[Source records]

☆ ☆ ☆ ☆ ☆

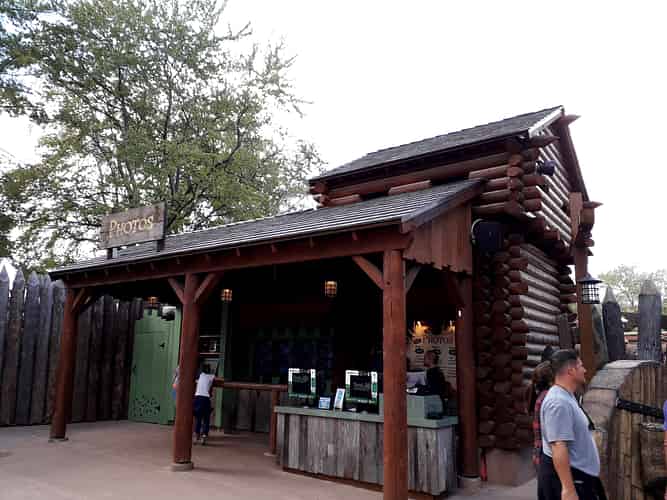 The ride has a theme of a village being invaded, with hasty fortifications surrounding the ride.
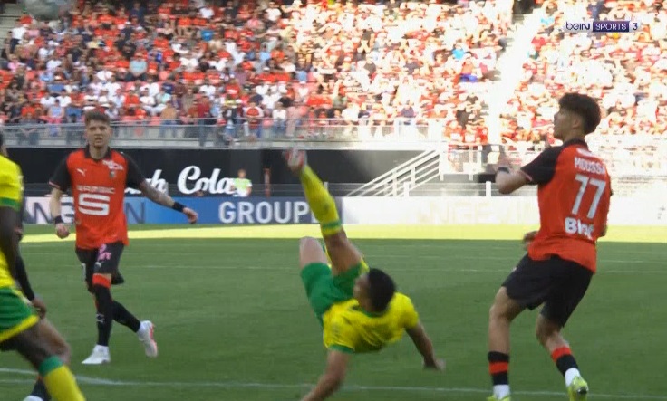 مصطفي محمد كاد ان يسجل هدف رائع من مقصيه امام رين بالدوري الفرنسي
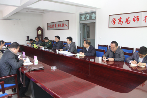 实地检查后召开汇报会。院长梁盛泉代表学院从基本情况、后勤服务保障、存在的困难和建议三个方面做了汇报。副院长张延贵汇报了学院自查工作的开展情况、自查中发现的问题及整改落实情况。
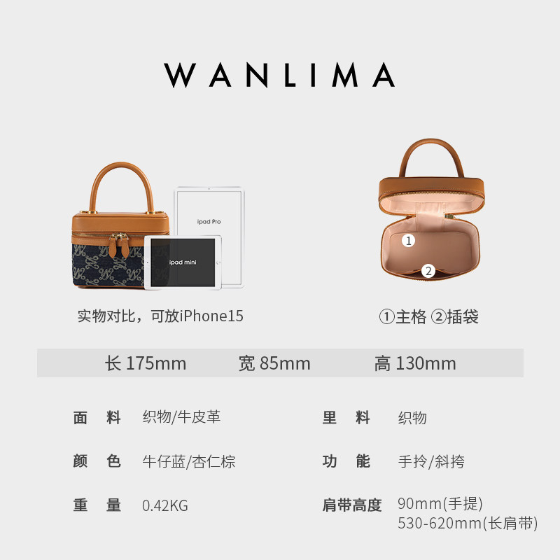 万里马盒子小方包女斜挎2025新款超火手提复古牛仔高级感单肩女包
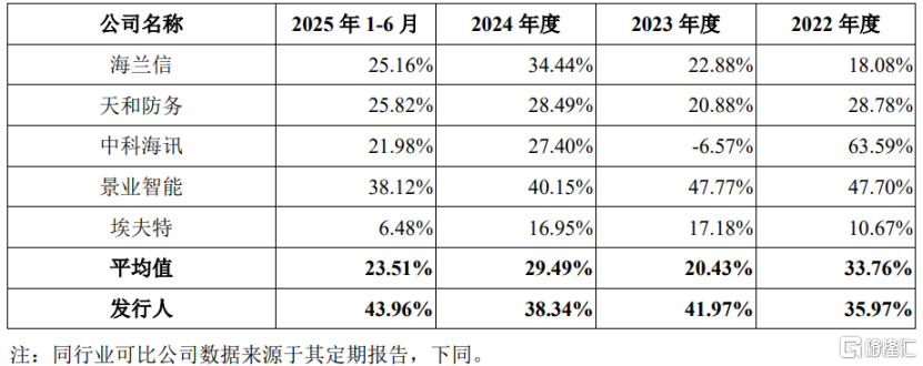 报告期内,深之蓝的主营业务毛利率分别为35.97%、41.97%、38.34%和43.96%,高于海兰信、天和防务、中科海讯等可比公司主营业务毛利率均值,主要系不同公司的具体产品、下游应用场景、市场竞争程度、管理经营战略等不同所致。
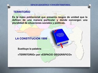 El documento analiza el concepto de espacio geográfico y la división territorial en Venezuela, enfatizando la importancia de la soberanía territorial según la Constitución de 1999. Se abordan principios como el 'utis possidetis iuris' y la territorialidad, así como la inviolabilidad de las sedes diplomáticas. Además, se menciona la controversia limítrofe de Venezuela con sus países vecinos y las implicaciones legales de los tratados relacionados.
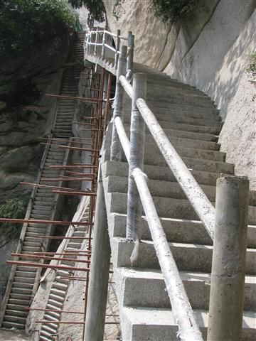 Hua Shan, einer der fünf heiligen Berge des Taoismus, ein von Gletschern geschliffener Granitklotz mit 5 Gipfeln (Nord-Ost-Süd-West und Mittelgipfel) und über 1000m hohe Steilwänden, sofort werden Erinnerungen an Yosemite wach. Hua Shan könnte das Paradies für Free-Climber sein, aber anscheinend wird dieser Sport hier nicht ausgeübt. Hua Shan hat den Ruf ein gefährlicher Berg zu sein, aber mittlerweile sind die kritischsten Stellen wie die 50m hohen senkrechten Aufstiege am Weg der Soldaten und der Aufstieg mit leichtem Überhang durch neu an den Fels betonierte Treppenhäuser entschärft, (Bilder dazu weiter unten) für den Abstieg zum Chess-Pavillion und zum Plank-Walk muss ein einfacher Brustgurt mit 2 Karabinerhaken (jedoch ohne Sturzbremse wie bei einem echten Klettersteigset) gemietet werden. Bei starken Regen wird der Berg gesperrt, bereits gelöste Eintrittskarten werden dann ggf. zurückerstattet. Um die Massen auf dem Berg besser zu verteilen ist derzeit eine zweite Seilbahn mit einer Bergstation zwischen Süd- und Westgipfel in Bau, Fertigstellung am 01.10.2012.
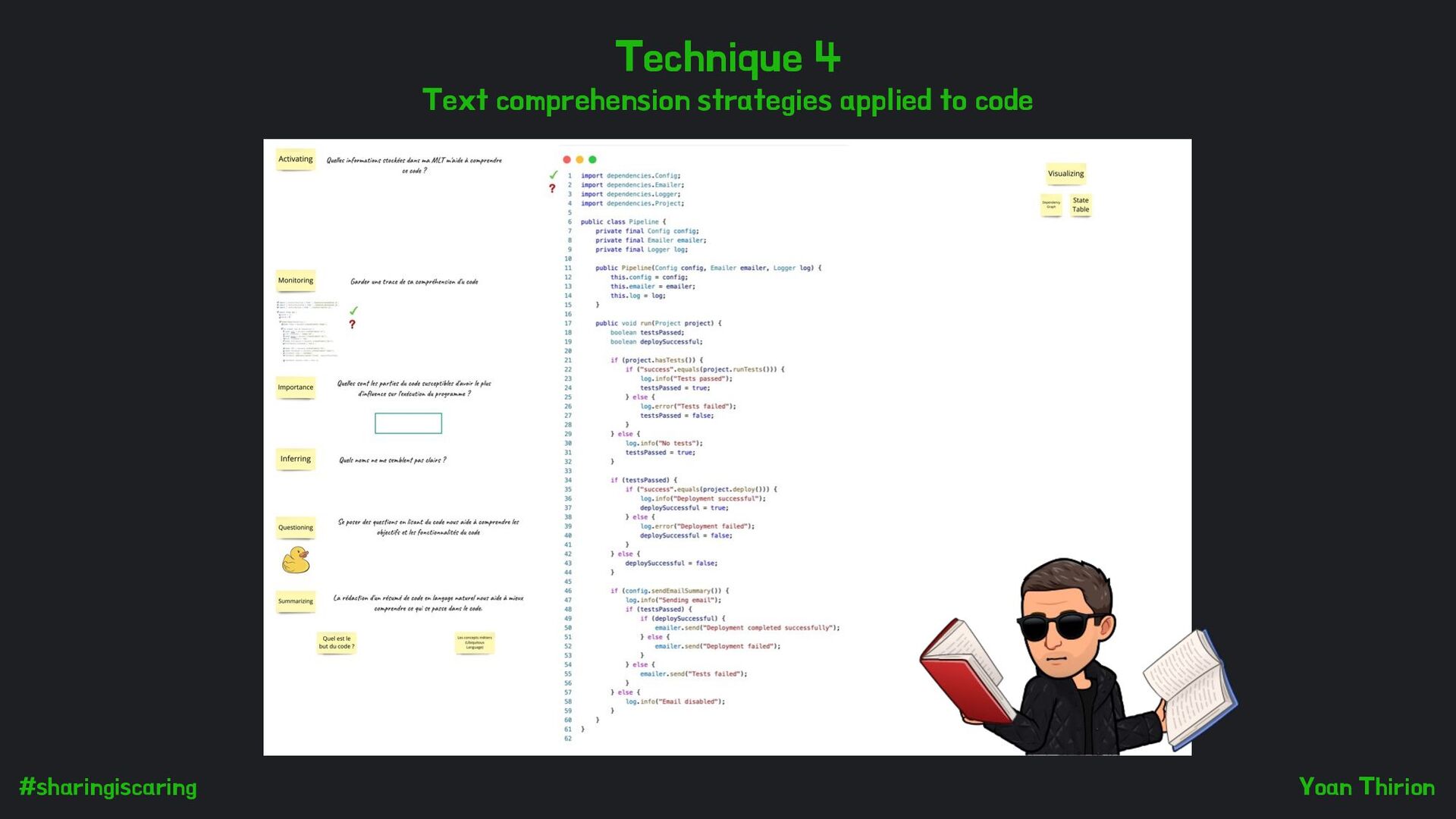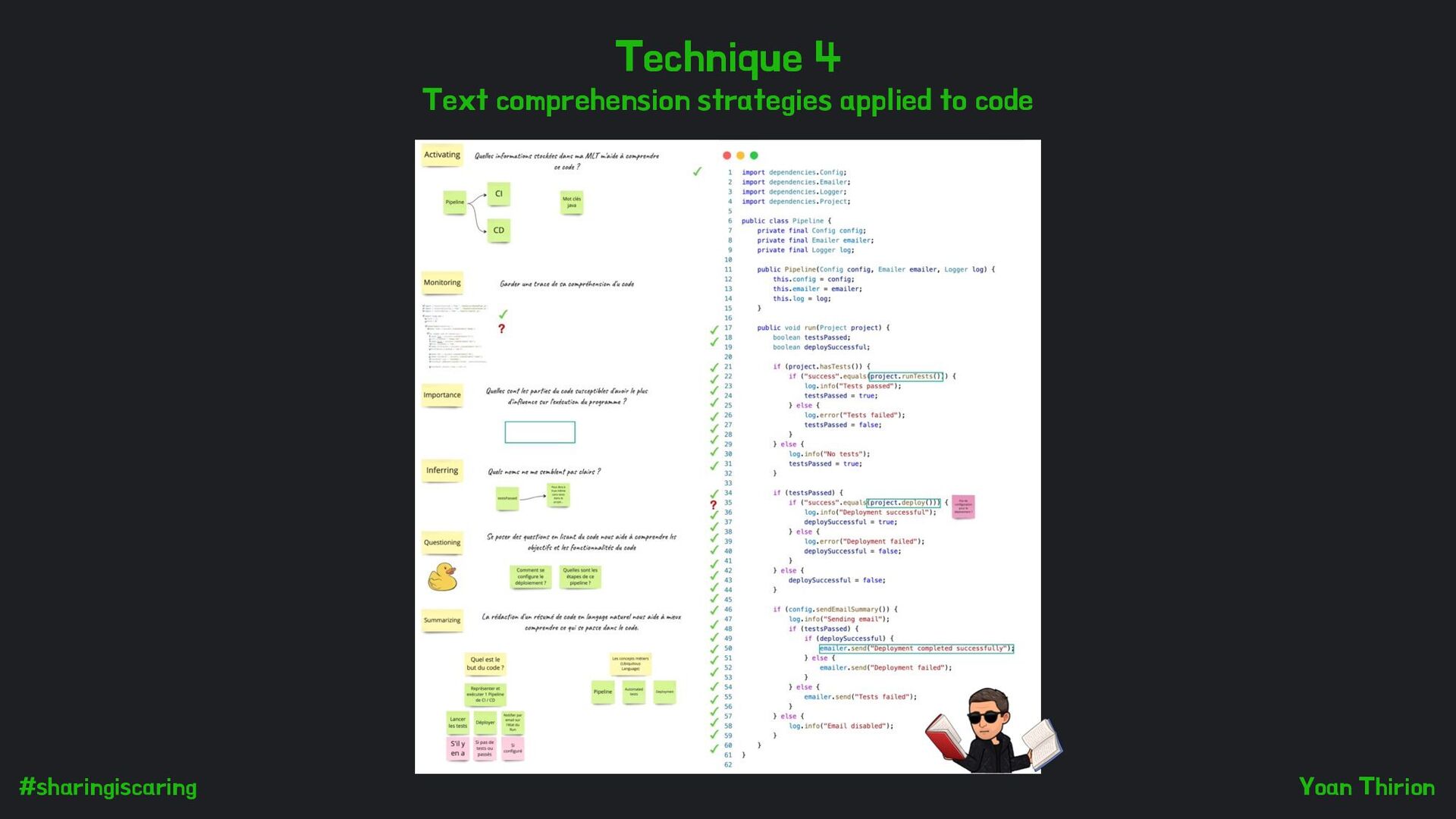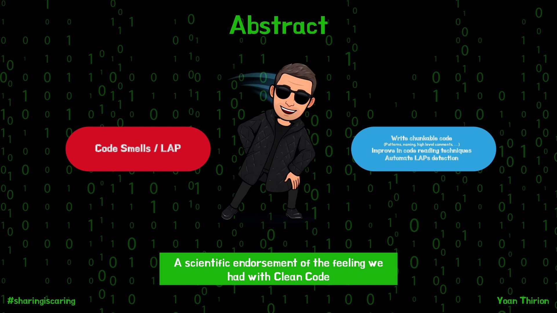 code (Patterns, naming, high level comments, …) Improve in code reading techniques Automate LAPs detection A scientific endorsement of the feeling we had with Clean Code
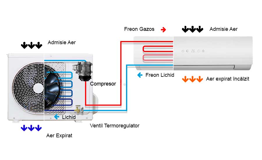 Ordinea de lucru a sistemului Split depinde de regimul selectat. După ce sistemul este pornit, compresorul începe să comprime aburul freon, ca urmare temperatură crește. Ulterior, vaporii de freon încălziți se deplasează la condensatorul din interiorul unității exterioare. După ce a fost eliminat excesul de căldură în exterior, freonul este condensat și alimentat la supapa de accelerație și apoi se evaporează în schimbătorul de căldură al unității interioare a aparatului de aer condiționat. Aceasta facilitează reducerea temperaturii sale și începe să capteze căldura din aerul din cameră și care se află în zona de intrare a compresorului. Ciclul se repetă. Supapă de expansiune specială poate modifica fluxul fluidului de lucru. Schimbând poziția acesteia, puteți ajusta capacitatea de răcire a aparatului de aer condiționat.
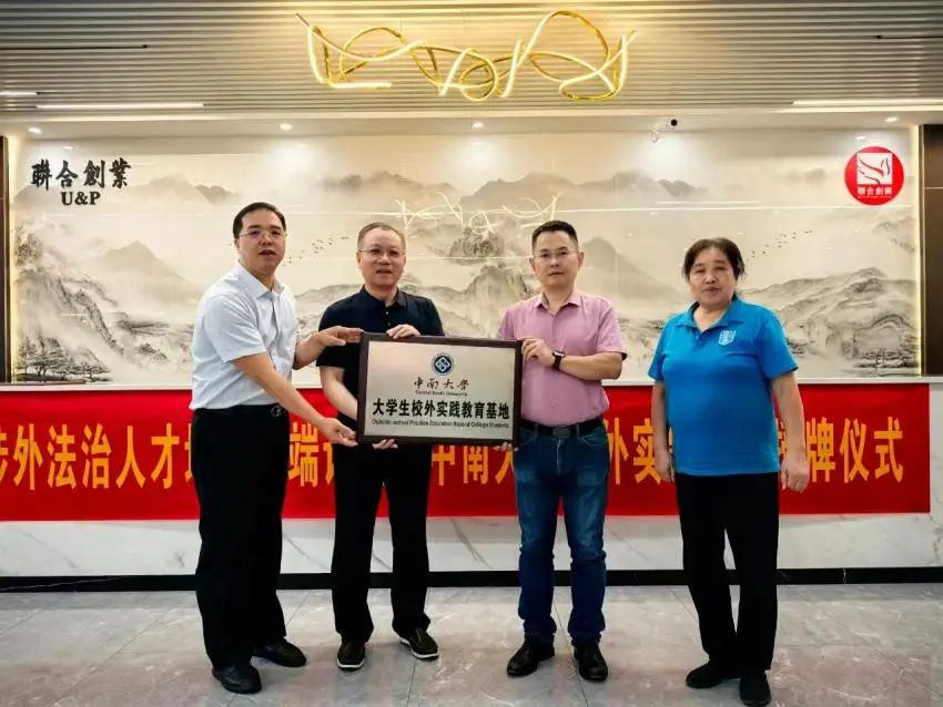 许中缘院长、李满春教授、赵燚林主任共同为湖南联合创业律师事务所授予“william威廉亚洲大学生校外实践基地”牌匾。
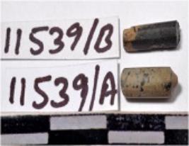 | Description / विवरण | A fragment of a stone drill bit, circular in section, broken from both end of smooth surface. |

☆ ☆ ☆ ☆ ☆

Repeat the data above word for word, without pictures.

- **Output for this task**:
 The ride has a theme of a village being invaded, with hasty fortifications surrounding the ride.
 مصطفي محمد كاد ان يسجل هدف رائع من مقصيه امام رين بالدوري الفرنسي
 实地检查后召开汇报会。院长梁盛泉代表学院从基本情况、后勤服务保障、存在的困难和建议三个方面做了汇报。副院长张延贵汇报了学院自查工作的开展情况、自查中发现的问题及整改落实情况。
 万里马盒子小方包女斜挎2025新款超火手提复古牛仔高级感单肩女包
 报告期内,深之蓝的主营业务毛利率分别为35.97%、41.97%、38.34%和43.96%,高于海兰信、天和防务、中科海讯等可比公司主营业务毛利率均值,主要系不同公司的具体产品、下游应用场景、市场竞争程度、管理经营战略等不同所致。
 El documento analiza el concepto de espacio geográfico y la división territorial en Venezuela, enfatizando la importancia de la soberanía territorial según la Constitución de 1999. Se abordan principios como el 'utis possidetis iuris' y la territorialidad, así como la inviolabilidad de las sedes diplomáticas. Además, se menciona la controversia limítrofe de Venezuela con sus países vecinos y las implicaciones legales de los tratados relacionados.
 Hua Shan, einer der fünf heiligen Berge des Taoismus, ein von Gletschern geschliffener Granitklotz mit 5 Gipfeln (Nord-Ost-Süd-West und Mittelgipfel) und über 1000m hohe Steilwänden, sofort werden Erinnerungen an Yosemite wach. Hua Shan könnte das Paradies für Free-Climber sein, aber anscheinend wird dieser Sport hier nicht ausgeübt. Hua Shan hat den Ruf ein gefährlicher Berg zu sein, aber mittlerweile sind die kritischsten Stellen wie die 50m hohen senkrechten Aufstiege am Weg der Soldaten und der Aufstieg mit leichtem Überhang durch neu an den Fels betonierte Treppenhäuser entschärft, (Bilder dazu weiter unten) für den Abstieg zum Chess-Pavillion und zum Plank-Walk muss ein einfacher Brustgurt mit 2 Karabinerhaken (jedoch ohne Sturzbremse wie bei einem echten Klettersteigset) gemietet werden. Bei starken Regen wird der Berg gesperrt, bereits gelöste Eintrittskarten werden dann ggf. zurückerstattet. Um die Massen auf dem Berg besser zu verteilen ist derzeit eine zweite Seilbahn mit einer Bergstation zwischen Süd- und Westgipfel in Bau, Fertigstellung am 01.10.2012.
 code (Patterns, naming, high level comments, …) Improve in code reading techniques Automate LAPs detection A scientific endorsement of the feeling we had with Clean Code
 Ordinea de lucru a sistemului Split depinde de regimul selectat. După ce sistemul este pornit, compresorul începe să comprime aburul freon, ca urmare temperatură crește. Ulterior, vaporii de freon încălziți se deplasează la condensatorul din interiorul unității exterioare. După ce a fost eliminat excesul de căldură în exterior, freonul este condensat și alimentat la supapa de accelerație și apoi se evaporează în schimbătorul de căldură al unității interioare a aparatului de aer condiționat. Aceasta facilitează reducerea temperaturii sale și începe să capteze căldura din aerul din cameră și care se află în zona de intrare a compresorului. Ciclul se repetă. Supapă de expansiune specială poate modifica fluxul fluidului de lucru. Schimbând poziția acesteia, puteți ajusta capacitatea de răcire a aparatului de aer condiționat.
 许中缘院长、李满春教授、赵燚林主任共同为湖南联合创业律师事务所授予“william威廉亚洲大学生校外实践基地”牌匾。
 | Description / विवरण | A fragment of a stone drill bit, circular in section, broken from both end of smooth surface. |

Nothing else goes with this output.